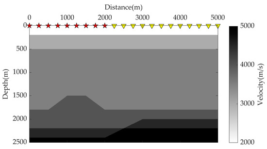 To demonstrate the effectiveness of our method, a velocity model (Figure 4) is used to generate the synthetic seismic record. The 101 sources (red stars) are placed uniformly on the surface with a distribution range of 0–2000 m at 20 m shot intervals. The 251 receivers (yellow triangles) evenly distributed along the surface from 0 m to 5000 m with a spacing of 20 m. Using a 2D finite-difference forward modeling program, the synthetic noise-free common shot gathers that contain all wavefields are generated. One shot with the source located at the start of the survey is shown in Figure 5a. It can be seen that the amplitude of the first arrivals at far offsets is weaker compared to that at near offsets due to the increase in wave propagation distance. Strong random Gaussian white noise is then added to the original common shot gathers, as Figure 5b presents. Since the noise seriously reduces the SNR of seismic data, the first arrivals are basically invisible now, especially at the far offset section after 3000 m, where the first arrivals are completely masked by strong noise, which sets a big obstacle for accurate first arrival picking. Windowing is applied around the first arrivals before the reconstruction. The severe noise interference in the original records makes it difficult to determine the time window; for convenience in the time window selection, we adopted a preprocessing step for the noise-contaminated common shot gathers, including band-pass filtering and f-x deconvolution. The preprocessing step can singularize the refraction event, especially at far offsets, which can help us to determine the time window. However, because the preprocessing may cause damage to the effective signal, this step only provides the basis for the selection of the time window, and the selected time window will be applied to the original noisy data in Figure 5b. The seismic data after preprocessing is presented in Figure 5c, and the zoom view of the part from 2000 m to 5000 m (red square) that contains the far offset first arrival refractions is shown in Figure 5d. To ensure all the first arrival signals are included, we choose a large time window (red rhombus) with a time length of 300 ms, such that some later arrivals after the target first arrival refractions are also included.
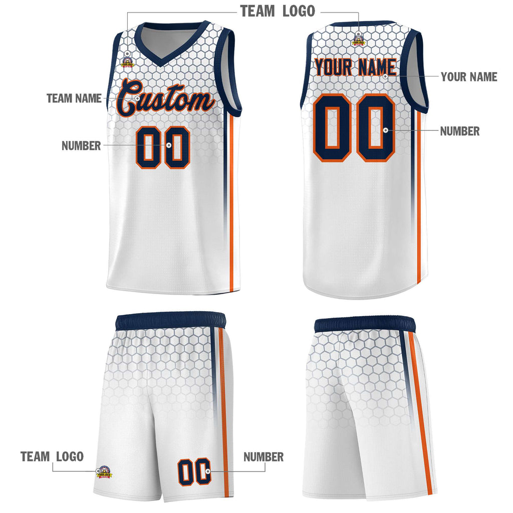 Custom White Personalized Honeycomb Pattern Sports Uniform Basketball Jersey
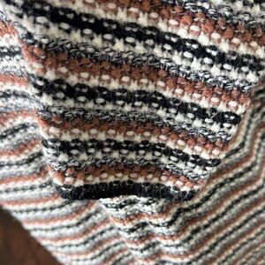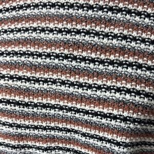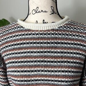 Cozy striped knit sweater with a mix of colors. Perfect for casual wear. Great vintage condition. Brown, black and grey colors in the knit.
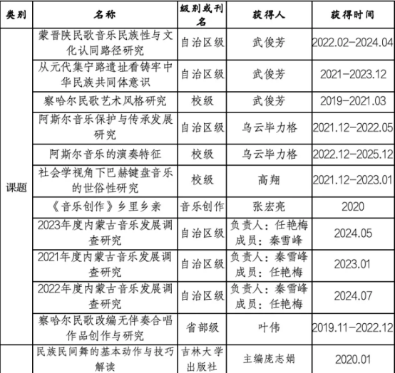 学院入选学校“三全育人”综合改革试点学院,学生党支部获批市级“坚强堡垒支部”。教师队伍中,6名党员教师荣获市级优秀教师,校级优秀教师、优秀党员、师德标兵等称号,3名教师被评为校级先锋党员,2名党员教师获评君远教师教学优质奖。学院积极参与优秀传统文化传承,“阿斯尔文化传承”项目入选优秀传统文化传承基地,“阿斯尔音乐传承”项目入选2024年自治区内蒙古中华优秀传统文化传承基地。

...

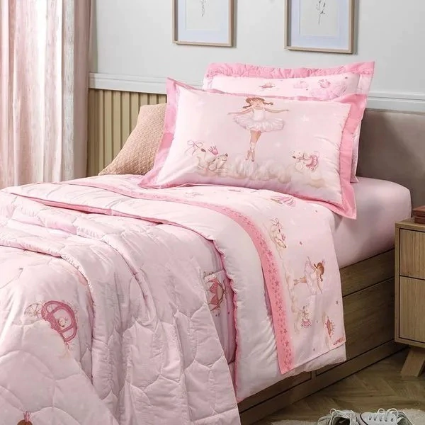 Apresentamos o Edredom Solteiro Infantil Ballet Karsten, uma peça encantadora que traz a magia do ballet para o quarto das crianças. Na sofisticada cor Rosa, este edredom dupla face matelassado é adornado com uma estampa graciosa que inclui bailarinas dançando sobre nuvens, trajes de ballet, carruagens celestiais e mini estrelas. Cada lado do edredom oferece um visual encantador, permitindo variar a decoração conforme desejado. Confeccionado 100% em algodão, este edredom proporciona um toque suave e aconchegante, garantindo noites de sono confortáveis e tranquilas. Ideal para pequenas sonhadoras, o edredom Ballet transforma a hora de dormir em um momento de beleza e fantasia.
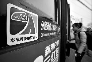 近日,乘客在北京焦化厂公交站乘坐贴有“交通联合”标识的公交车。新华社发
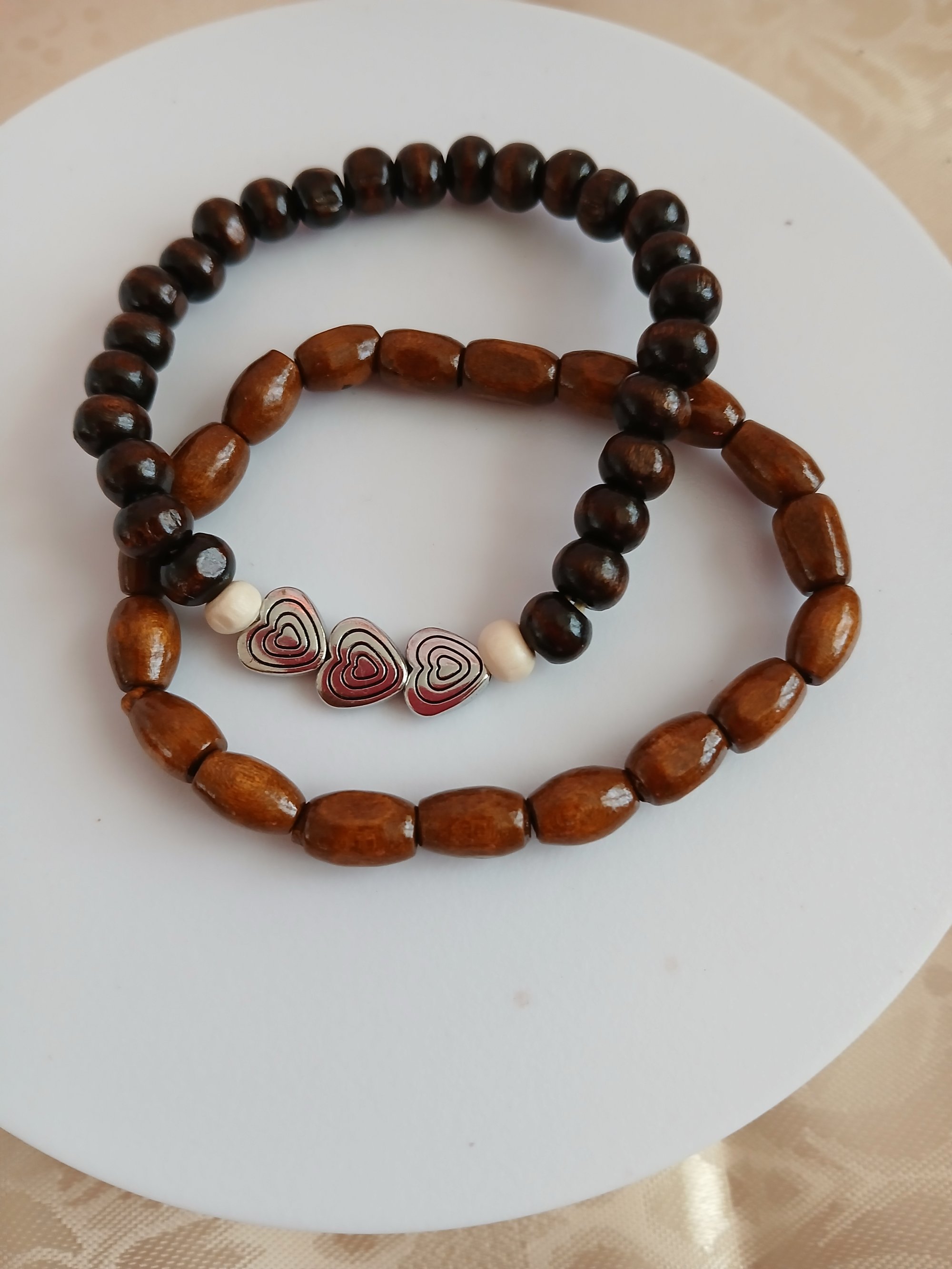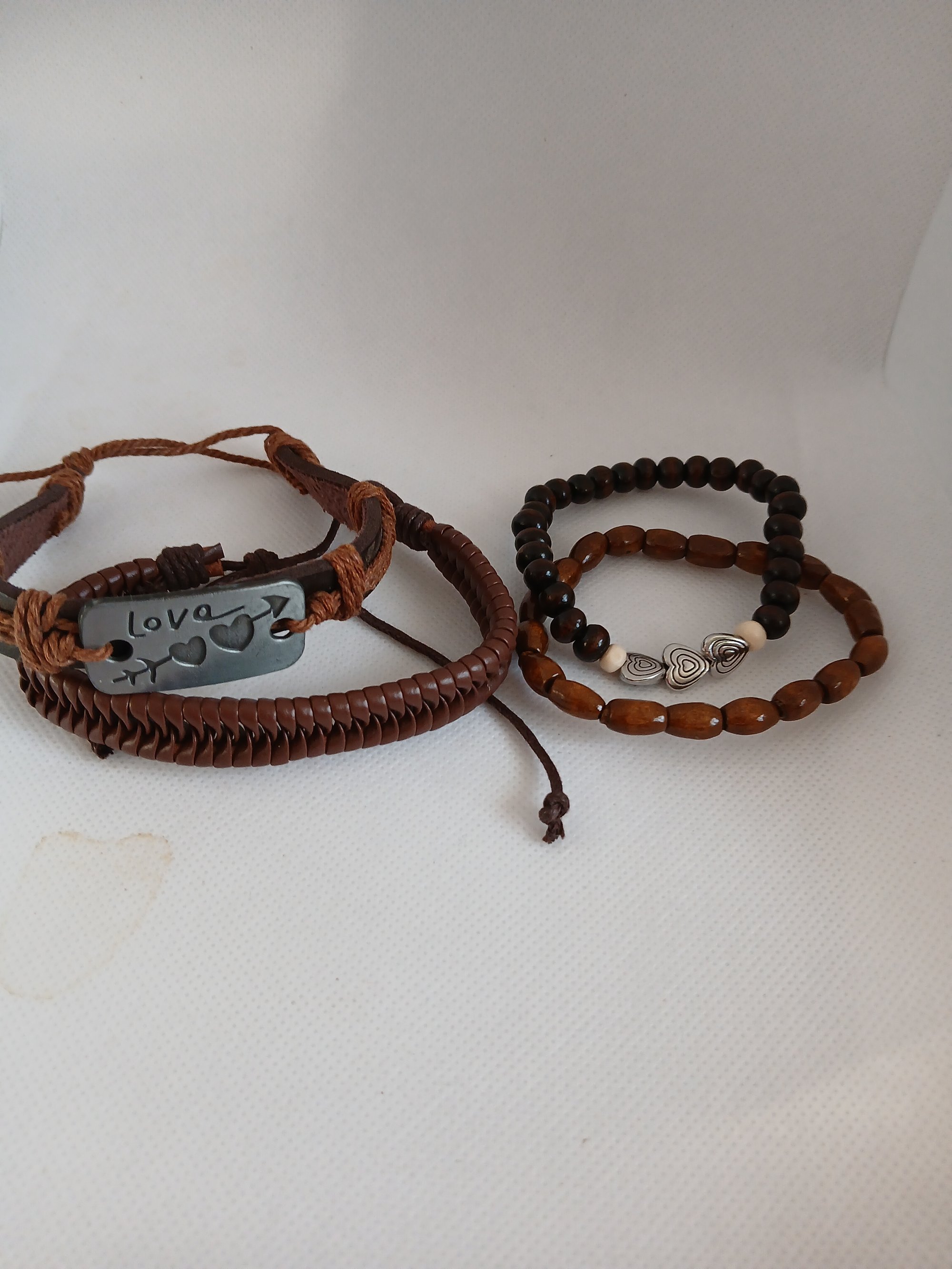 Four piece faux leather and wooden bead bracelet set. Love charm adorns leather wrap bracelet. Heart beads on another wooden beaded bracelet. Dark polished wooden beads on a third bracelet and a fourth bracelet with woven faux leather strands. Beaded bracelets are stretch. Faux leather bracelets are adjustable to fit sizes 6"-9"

■ **Exercise goal**:
In the records above, find the line with "Custom White Personalized". Print exactly from there through the line with "Cozy striped knit", minus the pictures.

■ **Result of the exercise**:
 Custom White Personalized Honeycomb Pattern Sports Uniform Basketball Jersey
 Cozy striped knit sweater with a mix of colors. Perfect for casual wear. Great vintage condition. Brown, black and grey colors in the knit.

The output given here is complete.